You need Python 3.8+ and pip. Everything else (tiktoken, anthropic, fzf) the tool installs itself on first run.

git clone https://github.com/Glym143/ccclean.git
cd ccclean
./install.sh

install.sh:

  • makes ccclean.py executable;
  • creates a ccclean symlink in the first writable directory on your PATH (/opt/homebrew/bin, /usr/local/bin, or ~/.local/bin) — no sudo;
  • creates the config ~/.config/ccclean/config.json (mode 600).

If ~/.local/bin is chosen but it isn't on your PATH, add this to ~/.zshrc / ~/.bashrc: export PATH="$HOME/.local/bin:$PATH"

API keys

Put your keys in ~/.config/ccclean/config.json:

{
  "deepseek_api_key": "sk-...",
  "anthropic_api_key": "sk-ant-..."
}

You can also set them via environment variables (which take priority): ANTHROPIC_API_KEY, DEEPSEEK_API_KEY.

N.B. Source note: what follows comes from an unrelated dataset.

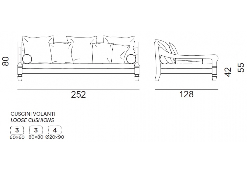 | Decorative cushions | Nr.3 60 x 60 cm; Nr.3 80 x 80 cm; Nr.4 Ø 20 x 90 cm. |

Without an Anthropic key it auto-falls back to offline tiktoken (approximate). Without a DeepSeek key the summary is skipped.


Usage

ccclean                       # pick a session from the list + free 50k (default)
ccclean 30k                   # pick a session + free 30k
ccclean <session-id>          # a specific session + free the default amount
ccclean <session-id> 30k      # a specific session + free 30k
ccclean <session-id> --keep 200k     # keep roughly the last 200k tokens
ccclean <session-id> 50k --dry-run   # show the plan, change nothing
ccclean <session-id> 100k --fast     # fast offline counting (tiktoken)

The amount is positional (30k, 50000, 1.5m) or a flag, --free / --keep (the flag wins). Argument order doesn't matter. The session-id can be abbreviated (as in the picker list). For the full list of flags: ccclean -h.

If no amount is given, it uses default_free from ~/.config/ccclean/config.json (installed as 50k; the built-in fallback if there is no config is 10k) — change it there to set your default once and for all.

After cleanup, resume the session:

claude --resume <session-id>

Automatic cleanup (the hook + ccclaude)

To avoid cleaning by hand, there's an automatic mode: when the context fills up and Claude Code launches a compact, the hook intercepts it and, instead of lossy compression, runs ccclean, after which the session restarts already unloaded.

install.sh sets this up for you:

  • installs the wrapper command ccclaude;
  • places the hook at ~/.claude/hooks/ccclean-hook.sh;
  • registers it in ~/.claude/settings.json for the PreCompact event, but only for auto-compact (manual /compact is left alone — if you ran it yourself, then a compact is what you wanted);
  • enables autoCompactEnabled: true (required for the hook to fire on its own);
  • sets autoCompactWindow: 1000000 — raising the auto-compact threshold close to the model's real ceiling (Claude Code computes the threshold as window − ~33k), so "context limit reached" doesn't fire prematurely.

How it works inside Claude Code (from reversing the bundle): the block hits when the usage of the last response is ≥ auto-compact-window − output_reserve(≤20k) − 13k. So two levers help: raise the window (autoCompactWindow, done by install.sh) and lower the counter after cleanup (usage_subtract, done by ccclean).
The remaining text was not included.